(Short version: explore region-specific gene expression in two human brains at https://mikaelhuss.shinyapps.io/ExploreAllenBrainRNASeq/)
The Allen Institute for Brain Science has done a tremendous amount of work to digitalize and make available information on gene expression at a fine-grained level both in the mouse brain and the human brain. The Allen Brain Atlas contains a lot of useful information on the developing brain in mouse and human, the aging brain, etc. – both via GUIs and an API.
Among other things, the Allen institute has published gene expression data for healthy human brains divided by brain structure, assessed using both microarrays and RNA sequencing. In the RNA-seq case (which I have been looking at for reasons outlined below), two brains have been sectioned into 121 different parts, each representing one of many anatomical structures. This gives “region-specific” expression data which are quite useful for other researchers who want to compare their brain gene expression experiments to publicly available reference data. Note that each of the defined regions will still be a mix of cell types (various kinds of neuron, astrocytes, oligodendrocytes etc.), so we are still looking at a mix of cell types here, although resolved into brain regions. (Update 2016-07-22: The recently released R package ABAEnrichment seems very useful for a more programmatic approach than the one described here to accessing information about brain structure and cell type specific genes in Allen Brain Atlas data!)
As I have been working on a few projects concerning gene expression in the brain in some specific disease states, there has been a need to compare our own data to “control brains” which are not (to our knowledge) affected by any disease. In one of the projects, it has also been of interest to compare gene expression profiles to expression patterns in specific brain regions. As these projects both used RNA sequencing as their method of quantifying gene (or transcript) expression, I decided to take a closer look at the Allen Institute brain RNA-seq data and eventually ended up writing a small interactive app which is currently hosted at https://mikaelhuss.shinyapps.io/ExploreAllenBrainRNASeq/ (as well as a back-up location available on request if that one doesn’t work.)
The primary functions of the app are the following:
(1) To show lists of the most significantly up-regulated genes in each brain structure (genes that are significantly more expressed in that structure than in others, on average). These lists are shown in the upper left corner, and a drop-down menu below the list marked “Main structure” is used to select the structure of interest. As there are data from two brains, the expression level is shown separately for these in units of TPM (transcripts per million). Apart from the columns showing the TPM for each sampled brain (A and B, respectively), there is a column showing the mean expression of the gene across all brain structures, and across both brains.
(2) To show box plots comparing the distribution of the TPM expression levels in the structure of interest (the one selected in the “Main structure” drop-down menu) with the TP distribution in other structures. This can be done on the level of one of the brains or both. You might wonder why there is a “distribution” of expression values in a structure. The reason is simply that there are many samples (biopsies) from the same structure.
So one simple usage scenario would be to select a structure in the drop-down menu, say “Striatum”, and press the “Show top genes” button. This would render a list of genes topped by PCP4, which has a mean TPM of >4,300 in brain A and >2,000 in brain B, but just ~500 on average in all regions. Now you could select PCP4, copy and paste it into the “gene” textbox and click “Show gene expression across regions.” This should render a (ggplot2) box plot partitioned by brain donor.

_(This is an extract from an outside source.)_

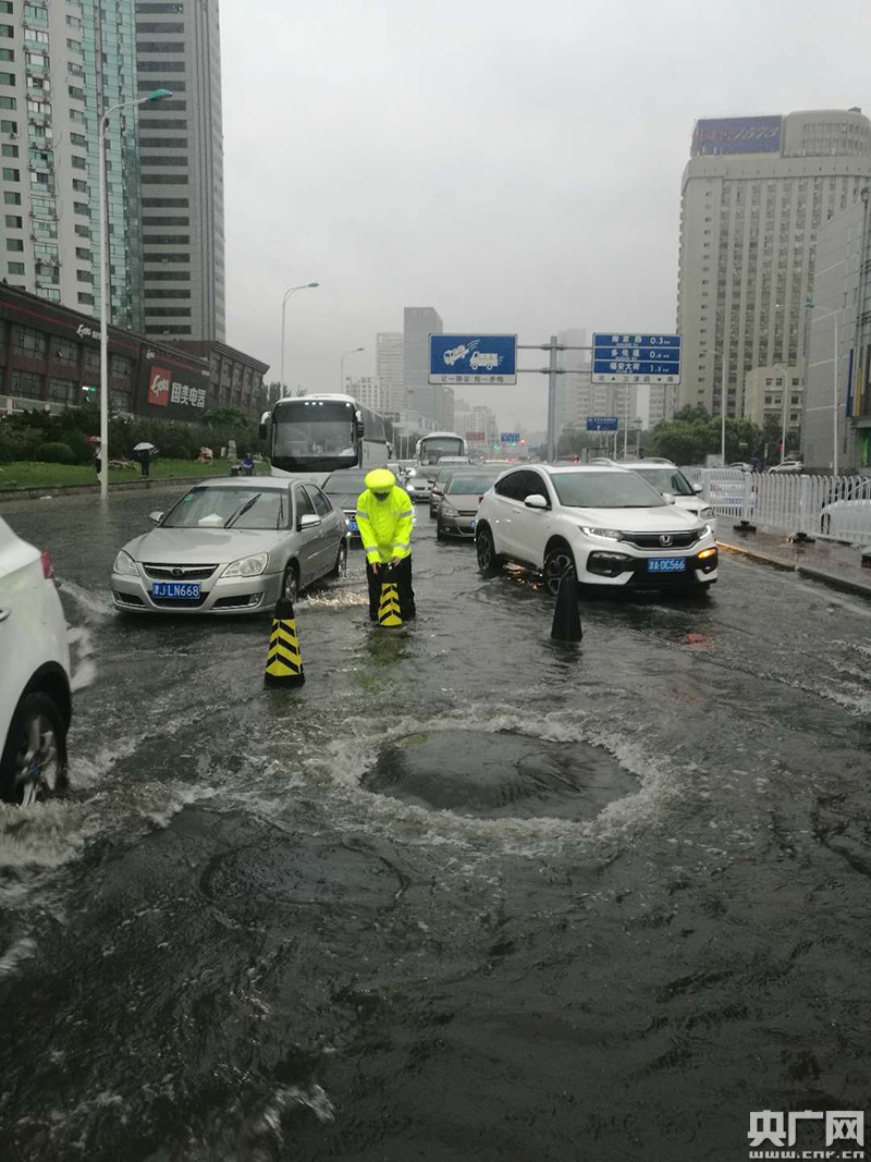 天津交警密切關注積水情況,防止車輛誤入發生危險。(央廣網發 劉媛 攝)

There is another slightly less useful functionality:
(3) The lower part of the screen is occupied by a principal component plot of all of the samples colored by brain structure (whereas the donor’s identity is indicated by the shape of the plotting character.) The reason I say it’s not so useful is that it’s currently hard-coded to show principal components 1 and 2, while I ponder where I should put drop-down menus or similar allowing selection of arbitrary components.
The PCA plot clearly shows that most of the brain structures are similar in their expression profiles, apart from the structures: cerebral cortex, globus pallidus and striatum, which form their own clusters that consist of samples from both donors. In other words, the gene expression profiles for these structures are distinct enough not to get overshadowed by batch or donor effects and other confounders.
I hope that someone will find this little app useful!